I think of this as little more than a syntactic sugar idea to make encoded files smaller and more manageable. Seems perfectly reasonable. (Although @martindholmes’ assertion that he would convert this new mechanism to @xml:lang before interchange seems to me to be an argument against, rather than in favor — TEI is about interchange. If you just need this for the convenience of your encoders, not for interchange, why does it have to be in the Guidelines? That said, if everyone is going to do this, may as well do it the same way.)

I can see arguments both for doing this in <langUsage> and with <tagUsage>; I am undecided on that issue. But certainly an XPath (or CSS) selection mechanism, rather than just @gi, is far more powerful and thus more useful.

I don’t understand at all, @duncdrum, what practice this allows that you think is bad. Certainly a file that uses the proposed @defaultLang is perfectly interchangeable, just as a file that uses <prefixDef> is (whether @martindholmes chooses to convert to full URLs and propagated @xml:lang or not.)

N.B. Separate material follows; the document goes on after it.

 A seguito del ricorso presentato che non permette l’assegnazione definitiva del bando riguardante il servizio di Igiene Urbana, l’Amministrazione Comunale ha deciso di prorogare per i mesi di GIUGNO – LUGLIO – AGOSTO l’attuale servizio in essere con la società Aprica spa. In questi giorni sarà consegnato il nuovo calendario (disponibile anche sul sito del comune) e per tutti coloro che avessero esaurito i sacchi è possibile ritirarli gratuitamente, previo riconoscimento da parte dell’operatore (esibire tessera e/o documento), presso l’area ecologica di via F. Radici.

duncdrum commented 4 years ago

@martindholmes I have followed the discussion on the list, and your op gives a good summary:

a scenario in which all instances of a particular element are in one language, and all instances of another in another language, in a particular file. Rather than specify @xml:lang repeatedly throughout the document, it would make more sense to declare it once

I m against this for basically three reasons, which i was a bit to terse to express so here it goes in full:

Wrong Place

I m not kidding, the point of mentioning the xml-working-group is because I do believe that this would be the place to make the change you are seeking not here. I don't see why a single @xml:defaultElementLang attribute could not fulfil what you are seeking. Such an element would defined the language of all elements with the same Q-name within the same document.

<TEI xml:lang="en">
…
  <body>
    <entryFree>
      <orth>I came<orth>
      <def xml:defaultElementLang="la">veni</def>
    </entryFree>
    <entryFree>
      <orth>I saw<orth>
      <def>vidi</def>
    </entryFree>
    <entryFree>
      <orth>I conquered<orth>
      <def>vici</def>
    </entryFree>
  </body>
</TEI>

The question of the empty namespace is a red herring. The difference with say @type is that the rules for @xml:lang's contents and its scope are not defined by the TEI, @type is. So let's call it tei-scoped to be more clear.

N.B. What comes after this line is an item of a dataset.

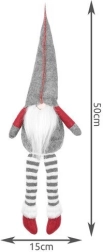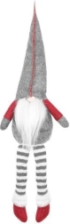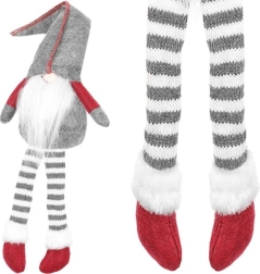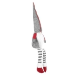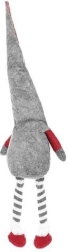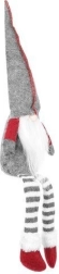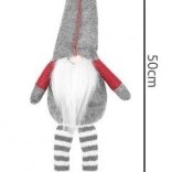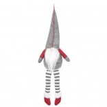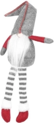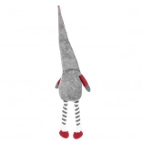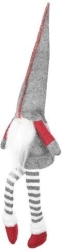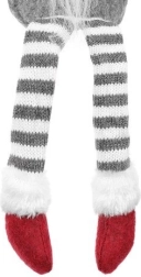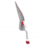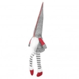 Den tekstile dekorationsnisse i grå-rød udførelse har en klassisk høj spids hue, lange stribede ben og et blødt hvidt skæg. Takket være den særlige bagprofil sidder den stabilt på kanten af et bord eller en hylde og giver interiøret et varmt og hyggeligt udtryk.
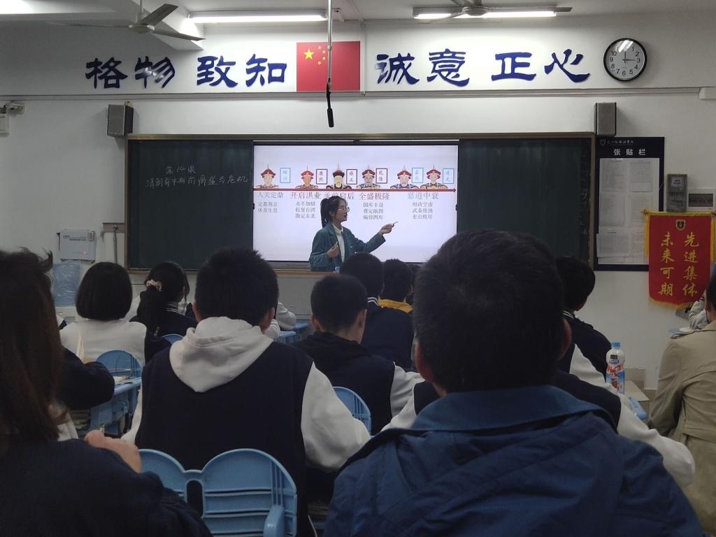 两节公开课授课内容都为《清朝前中期的鼎盛与危机》。两位主讲人的立意是“盛世下的危机”,其中邵青以清朝前中期乾纲独断的家法带来的盛世与危机为主线,黄旭婷以戴逸先生的一段话为主线,从横向与纵向的对比把盛世和危机分开。这两堂课思路清晰、内容完整、与学生互动性强,展示了实习队在长沙外国语学校两个月来的实习成果。

@sydb This is why i think this leads to bad markup. Without expanding the proposed @defaultLang attribute to actually insert @xml:lang attributes where they should be we have ambiguous encoding.

<TEI xml:lang="en">
  <teiHeader>
    <langUsage>
      <language ident="la" defaultLangpattern="//def">Latin</language>
    </langUsage>
  </teiHeader>
  <body>
    <entryFree>
      <orth>I came<orth>
      <def>veni</def>
    </entryFree>
    <entryFree>
      <orth>I saw<orth>
      <def>vidi</def>
    </entryFree>
    <entryFree>
      <orth>I conquered<orth>
      <def>vici</def>
    </entryFree>
  </body>
</TEI>

According to xml rules there is no latin in the second example, the suggestion would allow for all kinds of patterns to mean that latin text is in this dictionary and processors will have to know about the TEI version and rules because according to TEI there will then be. While I have no doubt that @martindholmes wouldn't produce such output, once it is in the Guidelines someone somewhere will. This is not a good design choice for an interchange format.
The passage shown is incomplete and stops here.